Aid to the Church in Need is to receive an award from the Vatican’s permanent observer to the UN for the charity’s vital work supporting persecuted Christians.
Archbishop Bernardito Auza, Permanent Observer of the Holy See to the United Nations, announced that ACN is the recipient of the 2019 Path to Peace Award.
The Path to Peace Foundation stated that it had chosen the Catholic charity for the award in recognition of its emergency and pastoral aid for Christians suffering oppression and discrimination.
“ACN benefactors have sustained the Easter hope of the Resurrection during the long Good Friday of appalling suffering” – Neville Kyrke-Smith
Neville Kyrke-Smith, National Director, Aid to the Church in Need (UK), said: “Such a recognition is both a compliment and a challenge to Aid to the Church in Need.
“The compliment is to the individual faithful benefactors of ACN who have sustained the Easter hope of the Resurrection during the long Good Friday of appalling suffering, in particular in the Middle East.
“The challenge is now for ACN and other charities to empower the local Christian communities to renew their presence and bring a true pathway to peace.”
Archbishop Auza is president of the Path to Peace to Foundation which, as well as supporting the Vatican’s diplomatic work at the UN, funds humanitarian projects in developing countries.
Dr Thomas Heine-Geldern, Executive President of ACN (International), will be presented with the award in New York on Wednesday, 22nd May.
Previous recipients of the Path to Peace Award include former Secretary Generals of the United Nations, Boutros Boutros-Ghali and Kofi Annan, former President of Poland Lech Walesa and other heads of state.

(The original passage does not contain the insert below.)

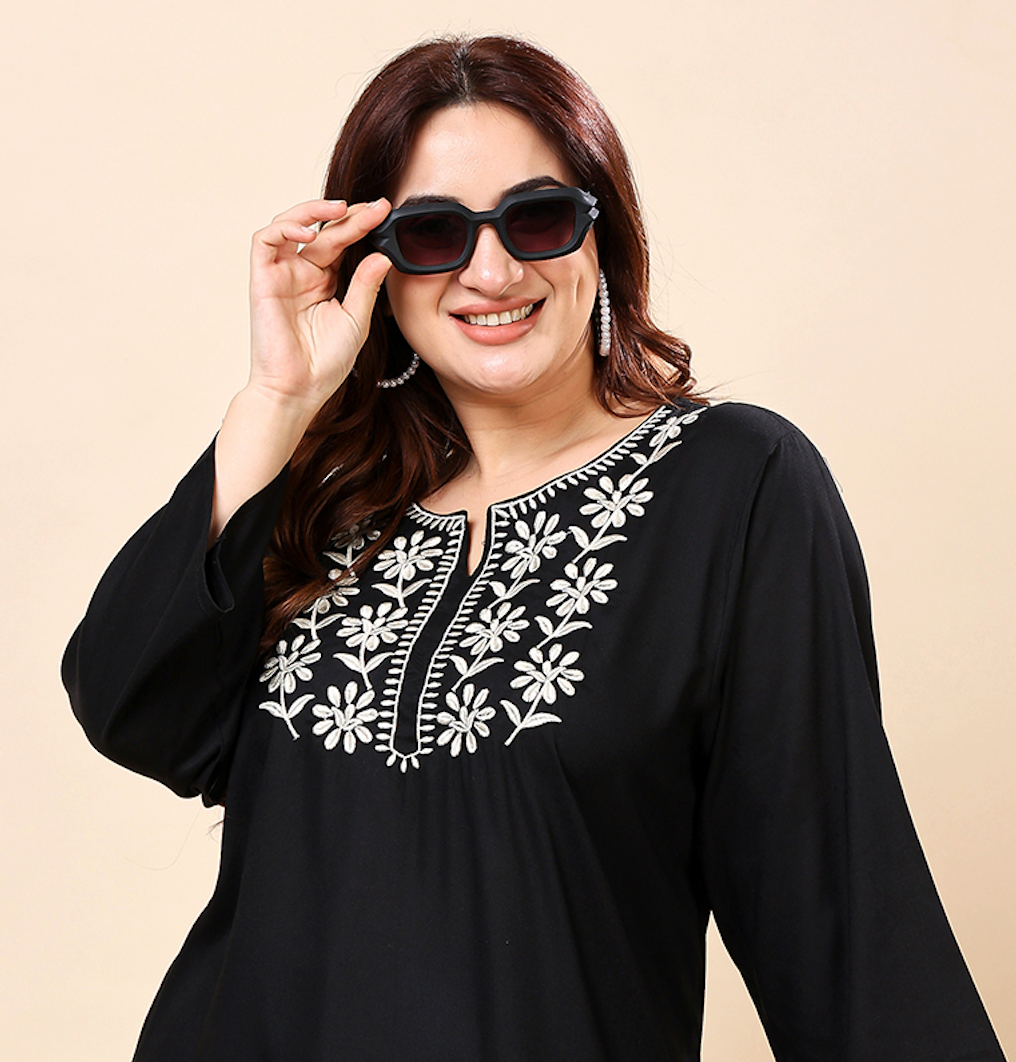 Step into effortless style with our black embroidered tunic, designed for plus-size women who love comfort with a touch of class. Featuring delicate white thread embroidery on a soft rayon base, it’s perfect for workdays, casual outings, or festive evenings.

Last year, ACN supported more than 5,000 projects in 139 countries worldwide, building more than 2,470 churches, chapels, convents and halls, helping 10,000 priests, more than 11,000 religious Sisters and 14,000 Christian education teachers (catechists).
In the Middle East, a priority region for ACN projects, ACN has helped Christians and others who have suffered a genocide – providing food, shelter, medicine, schooling, as well as pastoral support.